This approach ensures:

  • Certificates are properly signed by our cluster CA
  • Client identity is clearly established
  • Automatic renewal via systemd timers
  • Consistent with our security model

Prometheus Scrape Configuration

With certificates in place, we configured Prometheus to scrape all Nomad nodes:

- job_name: 'nomad'
  metrics_path: '/v1/metrics'
  params:
    format: ['prometheus']
  static_configs:
    - targets:
        - "10.4.0.11:4646"  # bettley (server)
        - "10.4.0.12:4646"  # cargyll (server)
        - "10.4.0.13:4646"  # dalt (server)
        # ... all client nodes
  scheme: 'https'
  tls_config:
    ca_file: "{{ step_ca.root_cert_path }}"
    cert_file: "/etc/prometheus/certs/nomad-client.crt"
    key_file: "/etc/prometheus/certs/nomad-client.key"

Kubernetes Object Metrics with kube-state-metrics

While node-level metrics tell us about resource usage, we also need visibility into Kubernetes objects themselves.
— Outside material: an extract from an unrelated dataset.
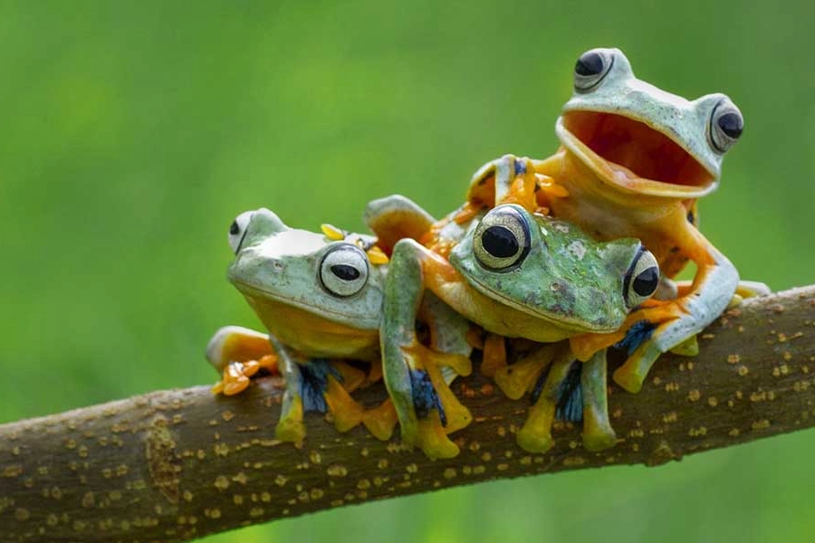 Uçan Kurbağalar: Evet, yanlış duymadınız! Güney Amerika'da yaşayan bazı kurbağa türleri, parmakları arasındaki geniş zarlar sayesinde ağaçtan ağaca süzülebilirler.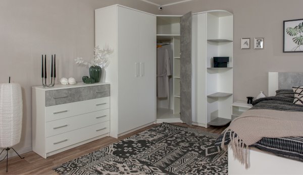 Угловой шкаф выполнен в стиле минимализм – строгие линии, идеальные пропорции, отсутствие декора. Все варианты цвета корпуса и фасадов подобраны в нейтральных сочетаниях, они универсальны для любого стиля интерьера, их можно сочетать со множеством ярких и насыщенных оттенков, а с помощью смены цветных текстиля и аксессуаров - полностью преображать пространство. Зеркало на фасаде визуально добавляет света и простора. Шкаф позволяет рационально использовать пространство и будет хорошо смотреться даже в небольшой комнате, служит связующим звеном для составления угловой системы хранения. Идеально компонуется со всеми модулями системы Аврора. Мебель выполнена из высококачественных материалов.

Enter kube-state-metrics, which exposes metrics about:

  • Deployment replica counts and rollout status
  • Pod phases and container states
  • Service endpoints and readiness
  • PersistentVolume claims and capacity
  • Job completion status
  • And much more

GitOps Deployment Pattern

Following our established patterns, we created a dedicated GitOps repository for kube-state-metrics:

# Create the repository
gh repo create goldentooth/kube-state-metrics --public

# Clone into our organization structure
cd ~/Projects/goldentooth
git clone https://github.com/goldentooth/kube-state-metrics.git

# Add the required label for Argo CD discovery
gh repo edit goldentooth/kube-state-metrics --add-topic gitops-repo

The key insight here is that our Argo CD ApplicationSet automatically discovers repositories with the gitops-repo label, eliminating manual application creation.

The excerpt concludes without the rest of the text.